ANALYSIS: Why Erdogan made U-turn in support of China against Uighur Muslims?


Analysts said that China aims to build an alliance with a country that is at odds with the United States to gain more global political influence in the future.

China plans to provide some financial aid to Turkey, including the purchase of some yuan-denominated bonds, the South China Morning Post reported. The Chinese newspaper quoted Chinese analysts as saying that Beijing’s response to Ankara’s moves to connect with “new friends” in an attempt to collapse the Turkish lira came from a political rather than an economic point of view.

Analysts pointed to the official Chinese news agency reporting the sudden change of tone of Turkish President Recep Tayyip Erdogan on the repression in the territory of Xinjiang, and told his Chinese counterpart Xi Jinping, that Muslim minorities “Uighurs” live happily in Xinjiang, a position described by some observers that he turned 180 degrees from the last statements of the Turkish Foreign Ministry which described the treatment of Turkish-speaking Uighurs as “a great shame on humanity”.

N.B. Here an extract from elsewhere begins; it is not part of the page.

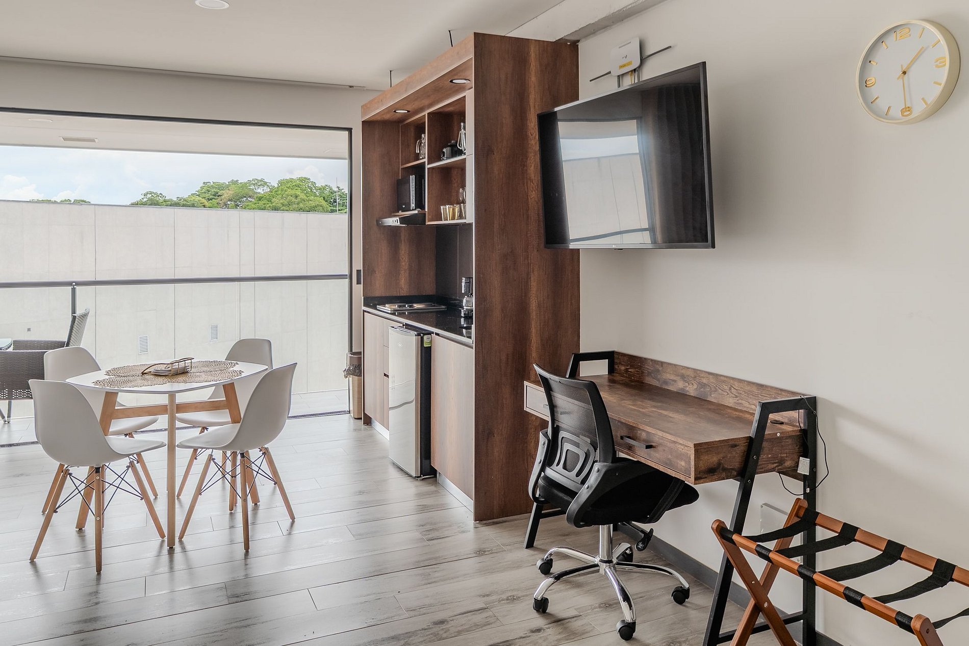 Comodidades Incluidas: Disfruta de aire acondicionado, WiFi, TV, una mesa de comedor pequeña y una zona de trabajo.

But Beijing cannot provoke Washington

But Beijing is set to carefully consider its options in helping Turkey and will not offer a large bailout package because of the risk of wider support, which will further provoke the United States.

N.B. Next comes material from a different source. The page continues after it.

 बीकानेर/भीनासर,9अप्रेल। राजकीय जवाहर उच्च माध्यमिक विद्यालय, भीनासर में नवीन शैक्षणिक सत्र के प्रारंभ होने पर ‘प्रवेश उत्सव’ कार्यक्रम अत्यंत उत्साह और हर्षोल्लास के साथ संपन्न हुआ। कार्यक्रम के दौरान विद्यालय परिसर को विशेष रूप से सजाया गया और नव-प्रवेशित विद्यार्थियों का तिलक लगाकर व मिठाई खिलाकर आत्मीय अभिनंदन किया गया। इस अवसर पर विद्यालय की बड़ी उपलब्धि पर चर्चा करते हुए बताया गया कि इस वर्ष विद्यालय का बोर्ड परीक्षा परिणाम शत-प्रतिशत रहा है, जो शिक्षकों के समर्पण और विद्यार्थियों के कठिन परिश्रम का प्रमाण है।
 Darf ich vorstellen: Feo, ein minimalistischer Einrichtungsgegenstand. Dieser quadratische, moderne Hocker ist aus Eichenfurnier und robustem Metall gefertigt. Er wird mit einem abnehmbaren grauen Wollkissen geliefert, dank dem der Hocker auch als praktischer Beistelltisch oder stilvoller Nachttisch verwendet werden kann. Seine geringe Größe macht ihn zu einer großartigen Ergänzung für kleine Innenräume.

Tensions between US and Turkey led to the loss of the Turkish currency nearly 20% of its value against the US dollar last year, and continued to decline since the beginning of this year.

Lira threats, the stock market and the economy have raised serious concerns for Erdogan and his government, prompting them to seek new economic friends from traditional US adversaries.

Aidan Yao, a senior economic analyst specializing in emerging markets in Asia, said the opportunity for the Chinese government to extend aid to Turkey was large but would be based on political rather than economic considerations given the risks associated with such a move.

“As with any loan or bond issue, there is always the possibility of default, and this risk will be particularly high when a country is in the middle of a storm,” Yao said.

Urgent concessions

“Turkey remains committed to the one-China policy,” Erdogan was quoted as saying by Xinhua News Agency, stressing that “the fact that ethnic residents live happily in the Xinjiang Autonomous Region because of China’s prosperity is a fixed fact.

Turkey will not allow anyone to tamper its relations with China, said Erdogan. However, Erdogan expressed his willingness to enhance mutual political trust and security cooperation with China to counter extremism, the agency said.

Erdogan warned all those seeking to “exploit” the Xinjiang issue to create tensions with China, reported the Chinese agency. But it is likely that Beijing will not only make these remarks in return for some assistance to Turkey, but will also seek to benefit in the long run.

Analysts said that China aims to build an alliance with a country that is at odds with the United States to gain more global political influence in the future.

Young Friends

Sun Shinn, a lecturer in Chinese and East Asian business at King’s College London, said that Beijing’s assistance to Ankara was part of “unifying the ranks of some younger brethren” in the face of US trade threats. However, any help from China would be a political gesture rather than a major support for the Turkish lira.

The Turkish lira remains fragile due to lack of market confidence in Erdogan’s government’s willingness to take measures to support the Turkish currency, Shinn said.